- Required work
Exactly as they appear, print the line with "Lista dos Resultados" and each line after it through the end of the entries below; leave out pictures.

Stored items
************
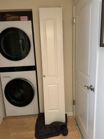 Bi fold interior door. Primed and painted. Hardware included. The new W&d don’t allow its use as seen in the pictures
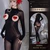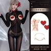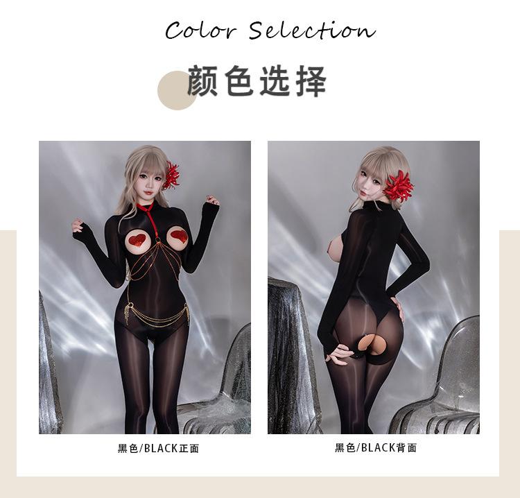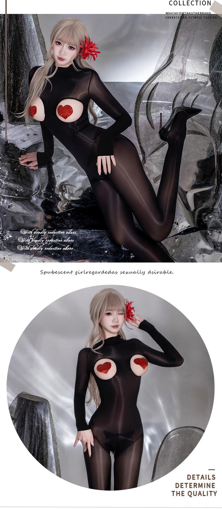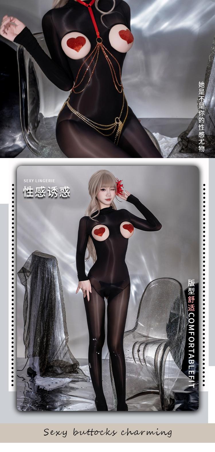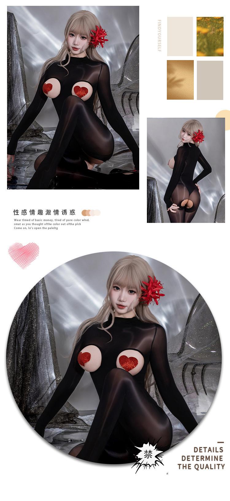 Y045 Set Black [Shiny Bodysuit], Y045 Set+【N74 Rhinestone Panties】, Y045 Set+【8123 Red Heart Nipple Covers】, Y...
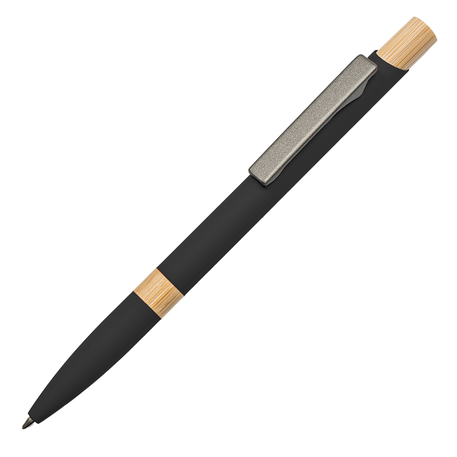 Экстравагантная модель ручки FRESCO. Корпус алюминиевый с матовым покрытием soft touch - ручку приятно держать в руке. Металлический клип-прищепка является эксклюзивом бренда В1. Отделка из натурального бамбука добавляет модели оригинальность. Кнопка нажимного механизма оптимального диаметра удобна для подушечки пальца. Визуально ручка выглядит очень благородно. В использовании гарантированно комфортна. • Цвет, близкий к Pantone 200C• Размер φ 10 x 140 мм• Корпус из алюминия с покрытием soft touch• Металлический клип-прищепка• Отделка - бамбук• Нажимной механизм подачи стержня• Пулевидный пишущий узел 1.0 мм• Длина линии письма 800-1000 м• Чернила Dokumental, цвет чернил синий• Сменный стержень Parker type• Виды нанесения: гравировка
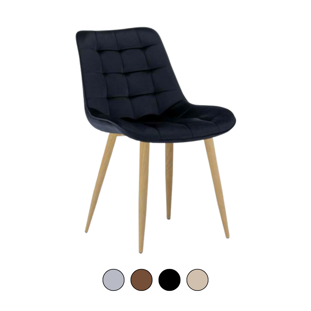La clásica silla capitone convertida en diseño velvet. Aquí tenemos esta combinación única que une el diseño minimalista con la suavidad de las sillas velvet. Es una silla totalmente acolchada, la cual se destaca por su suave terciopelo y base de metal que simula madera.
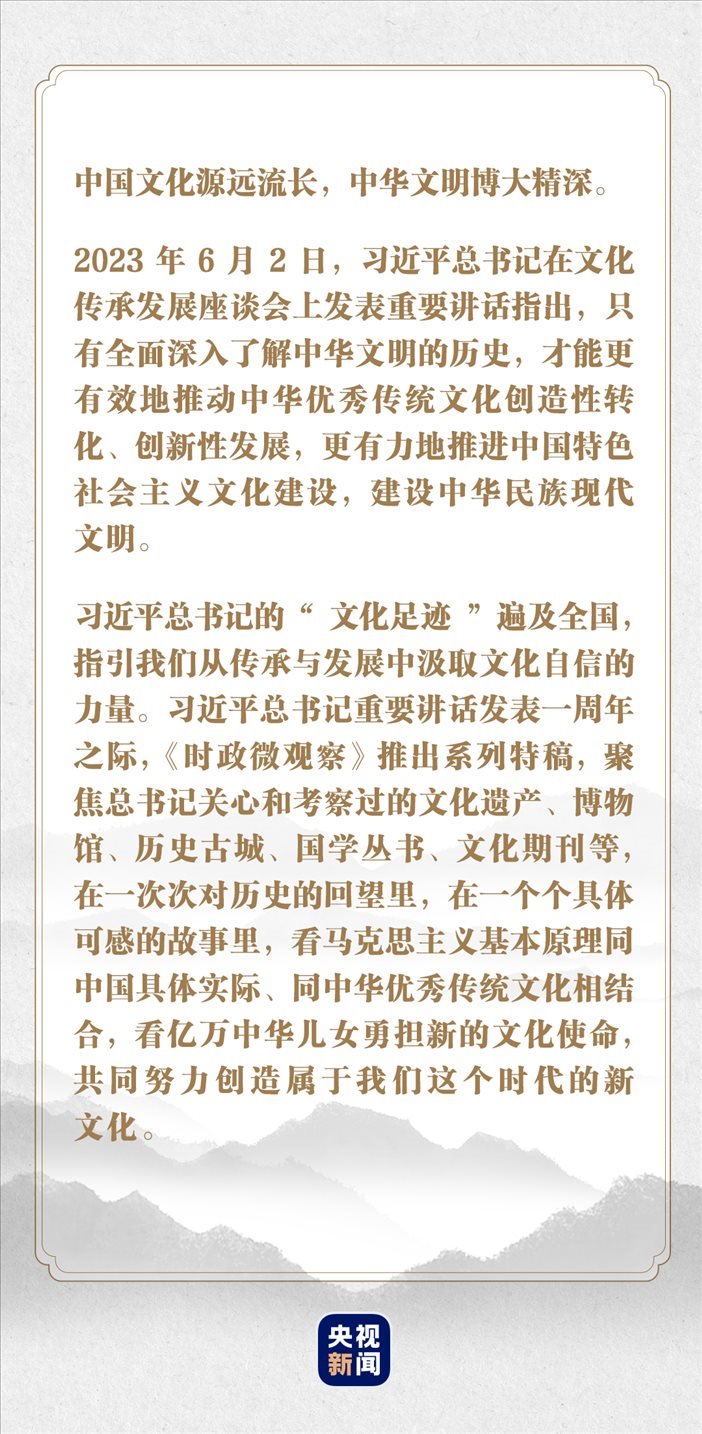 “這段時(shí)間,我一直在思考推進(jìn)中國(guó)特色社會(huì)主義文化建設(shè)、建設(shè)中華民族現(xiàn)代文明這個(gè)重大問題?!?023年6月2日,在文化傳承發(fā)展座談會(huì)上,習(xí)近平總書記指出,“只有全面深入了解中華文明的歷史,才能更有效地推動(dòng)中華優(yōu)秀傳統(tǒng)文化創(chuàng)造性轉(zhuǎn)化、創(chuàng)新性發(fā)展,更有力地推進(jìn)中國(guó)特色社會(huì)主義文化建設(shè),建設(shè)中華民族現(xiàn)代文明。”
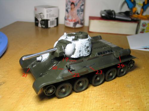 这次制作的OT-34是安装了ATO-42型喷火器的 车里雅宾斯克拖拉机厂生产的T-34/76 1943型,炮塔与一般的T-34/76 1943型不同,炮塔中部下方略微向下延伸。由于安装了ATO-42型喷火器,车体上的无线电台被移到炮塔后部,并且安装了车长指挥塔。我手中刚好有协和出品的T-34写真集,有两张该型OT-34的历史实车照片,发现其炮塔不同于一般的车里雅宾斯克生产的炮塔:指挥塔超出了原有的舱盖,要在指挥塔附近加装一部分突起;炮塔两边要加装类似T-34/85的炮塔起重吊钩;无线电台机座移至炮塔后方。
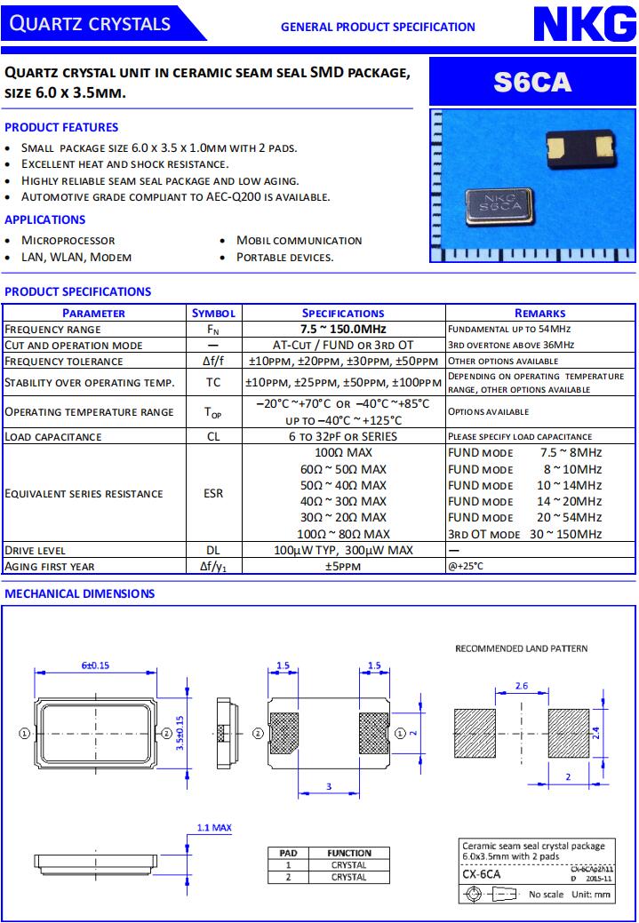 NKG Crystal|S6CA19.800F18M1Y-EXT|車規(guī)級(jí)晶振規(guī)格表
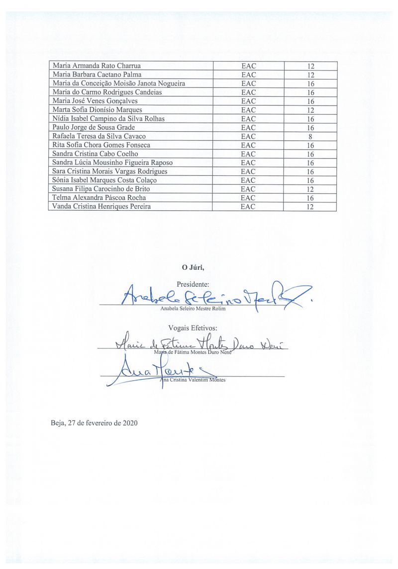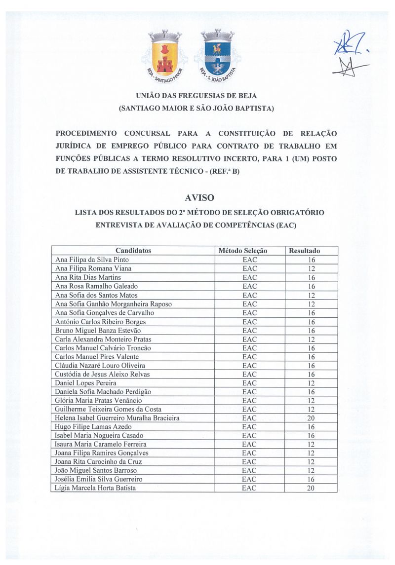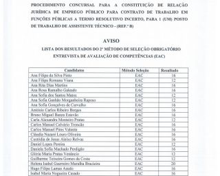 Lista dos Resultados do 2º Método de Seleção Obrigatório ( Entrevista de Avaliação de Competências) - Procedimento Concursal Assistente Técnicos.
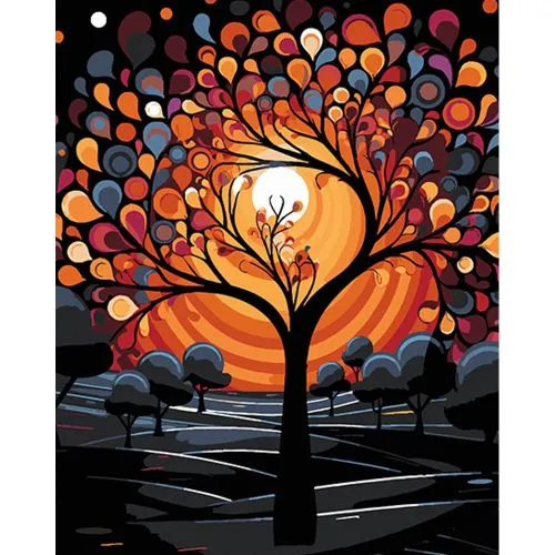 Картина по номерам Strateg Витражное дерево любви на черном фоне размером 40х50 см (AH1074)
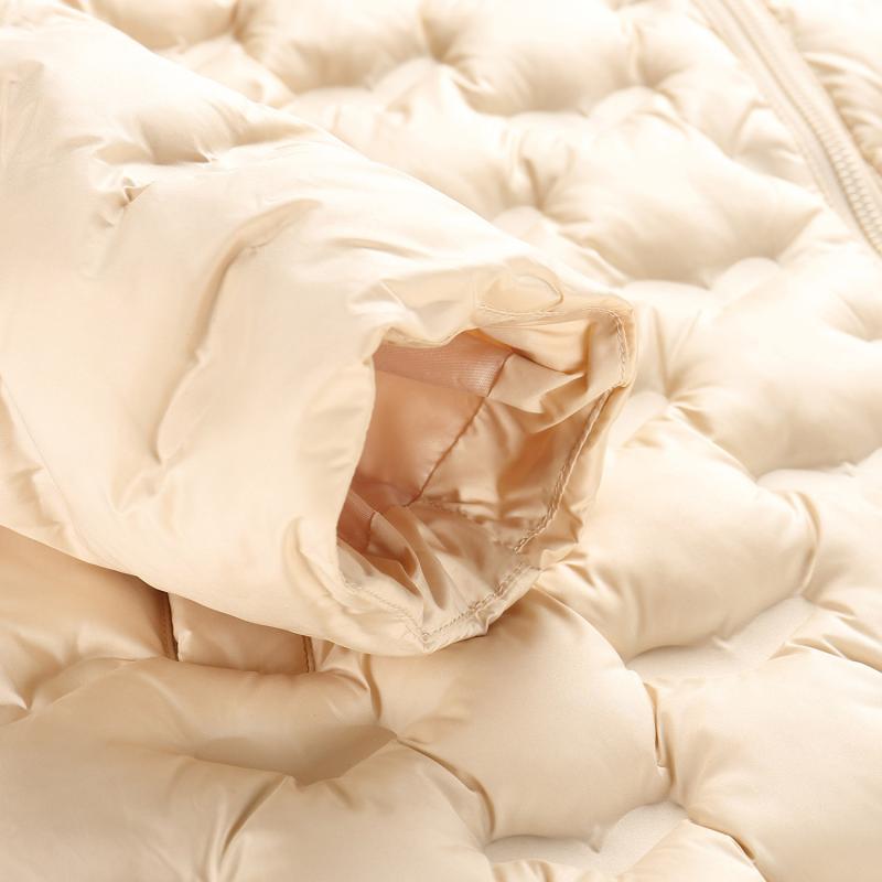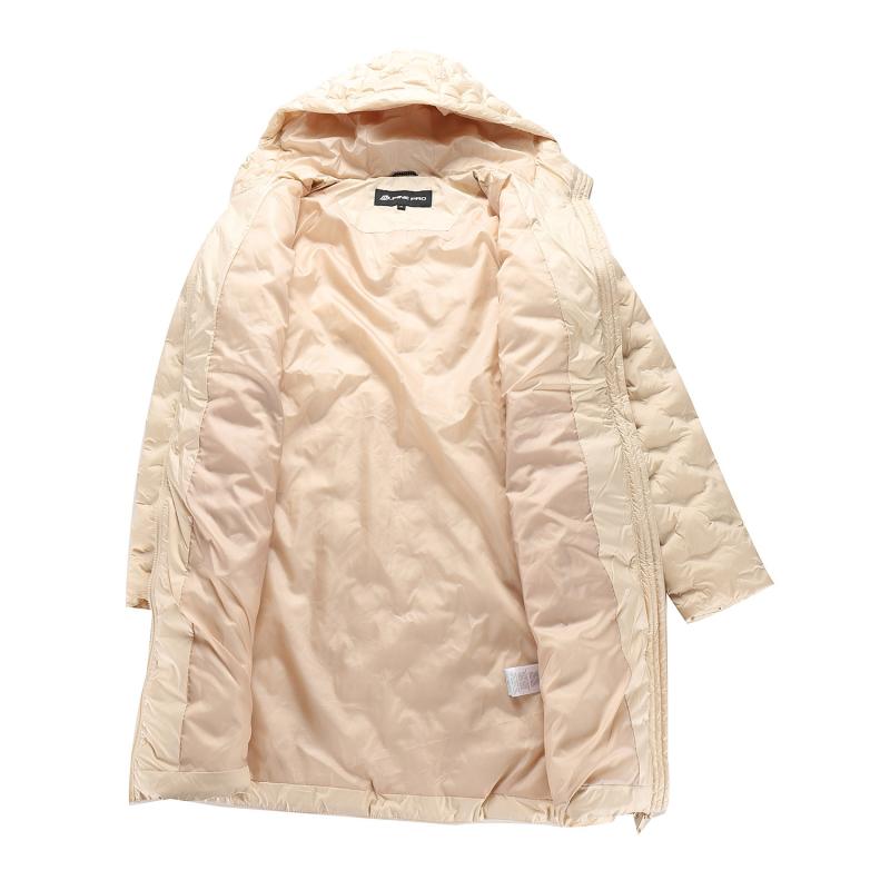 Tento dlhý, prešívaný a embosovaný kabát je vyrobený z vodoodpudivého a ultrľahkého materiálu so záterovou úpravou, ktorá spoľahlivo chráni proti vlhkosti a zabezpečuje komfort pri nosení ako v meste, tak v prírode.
************
- Written reply
 Lista dos Resultados do 2º Método de Seleção Obrigatório ( Entrevista de Avaliação de Competências) - Procedimento Concursal Assistente Técnicos.
 Картина по номерам Strateg Витражное дерево любви на черном фоне размером 40х50 см (AH1074)
 Tento dlhý, prešívaný a embosovaný kabát je vyrobený z vodoodpudivého a ultrľahkého materiálu so záterovou úpravou, ktorá spoľahlivo chráni proti vlhkosti a zabezpečuje komfort pri nosení ako v meste, tak v prírode.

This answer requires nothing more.